Williamson's Administrators v. Smart, 1 N.C. 219, 1 Tay. 219 (1801)

Dec. 1801 · North Carolina Superior Court
1 N.C. 219, 1 Tay. 219

Williamson’s Administrators versus Smart and Kilbee.

DETINUE for several negro slaves. A special verdict was found in Halifax Superior Court, which was transmitted here, for the opinion of this court. *220All the material facts are stated in the following opinions.

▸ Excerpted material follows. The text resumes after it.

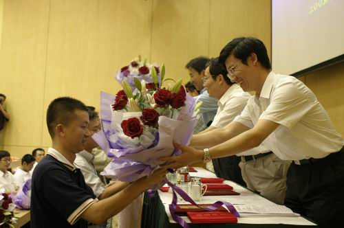 会议在谢荣副院长对财政部人教司贺电的宣读中拉开了序幕。随后,李扣庆副院长宣读了我院2005年学院先进名单,共有38位员工获此殊荣。与以往不同的是,除了评选学院先进工作者,还增加了优秀班主任、优秀行政秘书、优秀宣传员以及爱心员工等单项奖称号。4位院领导为获奖的员工颁发了证书,并赠送了鲜花。现场一片花团锦簇,气氛热烈。

*219Slaves in Virginia, which belong to the estate of an intestate who was a citizen and inhabitant of this state, must be distributed according to the laws of this state.

*220Hall, J.

In this case, both the plaintiffs and defendants claim the negroes for which this action is brought, under William Williamson, one of the legatees of Thomas Davis. The special verdict states, that Williamson removed himself to, and became a citizen of this state, where he resided until his death : it is admitted, that at the time of his death, by the laws of Virginia, negro property was made to descend like land to the heir at law, he making on that account, some pecuniary satisfaction to the next of kin ; and at that time, by the laws of this state, property of that description, was made distributable equally amongst all the children of intestates.

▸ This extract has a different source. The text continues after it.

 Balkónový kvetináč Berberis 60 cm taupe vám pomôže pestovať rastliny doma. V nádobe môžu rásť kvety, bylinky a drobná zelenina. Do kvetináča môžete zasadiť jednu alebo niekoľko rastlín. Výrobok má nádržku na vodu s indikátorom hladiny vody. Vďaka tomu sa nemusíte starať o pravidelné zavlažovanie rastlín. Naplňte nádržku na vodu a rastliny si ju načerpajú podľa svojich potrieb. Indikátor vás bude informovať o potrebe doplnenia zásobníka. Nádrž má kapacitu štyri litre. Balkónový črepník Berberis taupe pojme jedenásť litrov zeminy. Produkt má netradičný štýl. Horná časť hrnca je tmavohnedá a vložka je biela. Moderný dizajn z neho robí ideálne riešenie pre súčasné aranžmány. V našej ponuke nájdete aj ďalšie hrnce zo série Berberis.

The question therefore is, whether the negroes for which this suit is brought, shall be disposed of agreeably to the laws of Virginia, they having been in Virginia, at the time of the death of William Williamson, the legatee, or by the laws of this state, where William Williamson was resident at the time of his death ?

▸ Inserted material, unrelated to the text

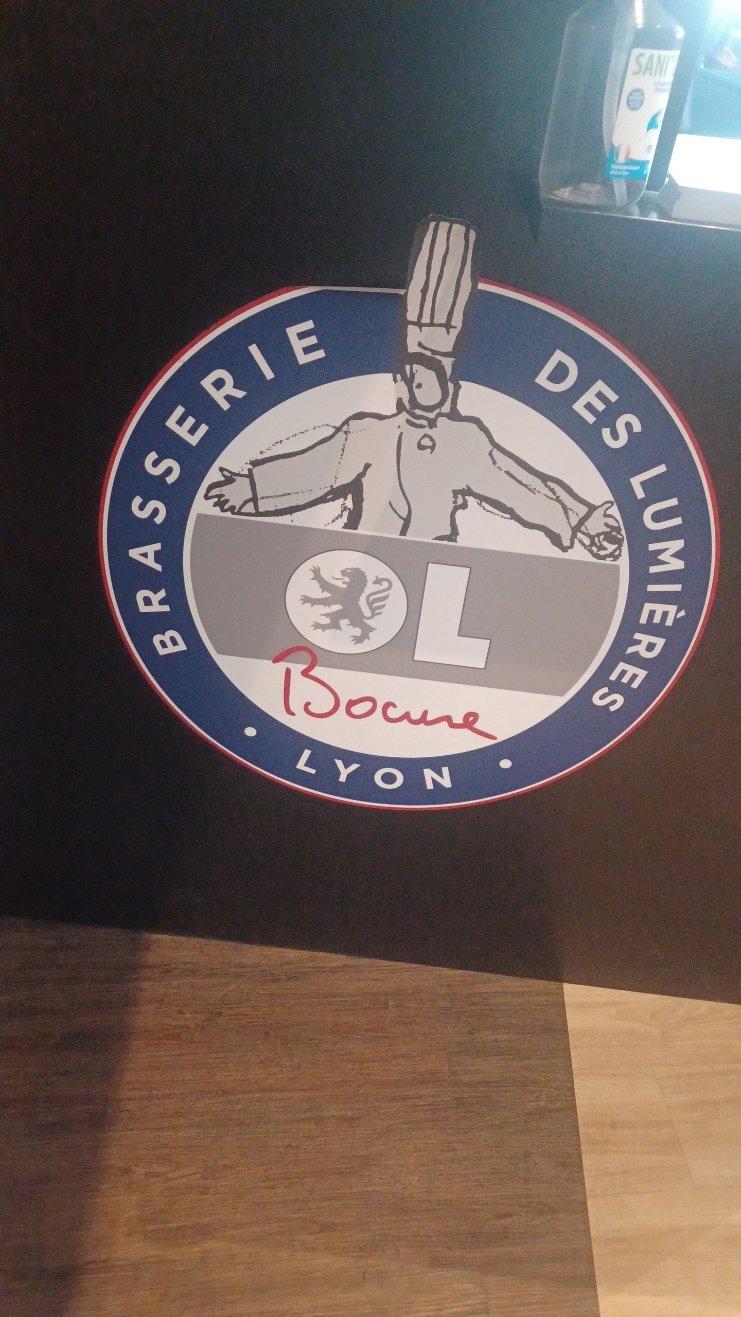expérience assez mitigé en effet l'accueil et le cadre sont très agréable expérience et très inattendue on regrette surtout la méconnaissance à l'avance du menu qui pour un tarif de 99 € avec le match et me semble-t-il un peu inadapté on regrette également les précisions sur comment va se dérouler la soirée en effet après la fin du repas et du match il est impossible de re rentrer dans la brasserie et de pouvoir accéder au bar d'ailleurs le refus a été un peu intempestif et virulent service quand a lui est assez agréable malgré certaines fautes exemple les mignardises on oubliés où est également car la mi-temps du match vu le tarif proposé pour un menu à la brasserie 99 € il n'est prévu aucun verrre la seule satisfaction de cette soirée et d'avoir rencontré le président AULAS et Bernard Lacombe je pense que monsieur Paul Bocuse serait très déçu de voir le service et la qualité des produits servis dans sa brasserie

I take the rule of law, in such cases, to be this that the personal estate of the intestate, is distributable according to the laws of the country where the intestate was resident, or in other words, where he was a citizen or subject at the time of his death. Ambler, 25, 415, 2 Vezey, 35. Although by the laws of Virginia, negroes are made to descend like *221land to the heir at law, yet in many other respects they are considered to be personal estate : and indeed our law, would view them as personal estate whenever any case like the present should occur, notwithstanding the laws of Virginia would never view them as personal property. I cannot think that the decree made by the court of Virginia, strengthens the defendant’s title ; because the plaintiffs were not parties to it. Had they been parties to it, and the grounds on which the present detentions rest, been made known to that court, I presume their decree would have been different. I think that all the children of William Williamson are entitled to the property in dispute ; amongst whom, the plaintiffs will be compellable to make distribution, after debts are paid, &c.; and that judgment should be entered for the plaintiffs.

Taylor, J.

The material facts of the case are, that Thomas Davis by his will, which was admitted to probate in the year 1762, bequeathed a female slave of the name of Sarah, to his daughter, Frances Williamson, during her life ; and after her decease, the wench and her increase, to be equally divided among the children of Frances. Frances had six children, one of whom, William, removed to this state, and died in 1768, leaving a widow and nine children ; George being his eldest son. Afterwards, in the beginning of the year 1769. Frances died ; upon which the issue of Sarah were divided under the authority of a court of chancery in Virginia. A sixth part was allot*222ted to George, as the heir at law of William ; this was received by his guardian, and afterwards, upon his arriving at full age, brought into this state by himself ; until which time, all the negroes defended from Sarah, had remained constantly in Virginia. George died in the year 1780, leaving a widow and child, who possessed themselves of the negroes which they have retained ever since. The widow of William administered upon her husband’s estate, and afterwards, intermarried with Peter Cox, who (together with his wife) has brought the present action to recover the negroes as of the goods and chattels of William. A demand had been previously made of the defendants, one of whom defends as administator (in right of his wife) to George Williamson, and the other as guardian to George’s child.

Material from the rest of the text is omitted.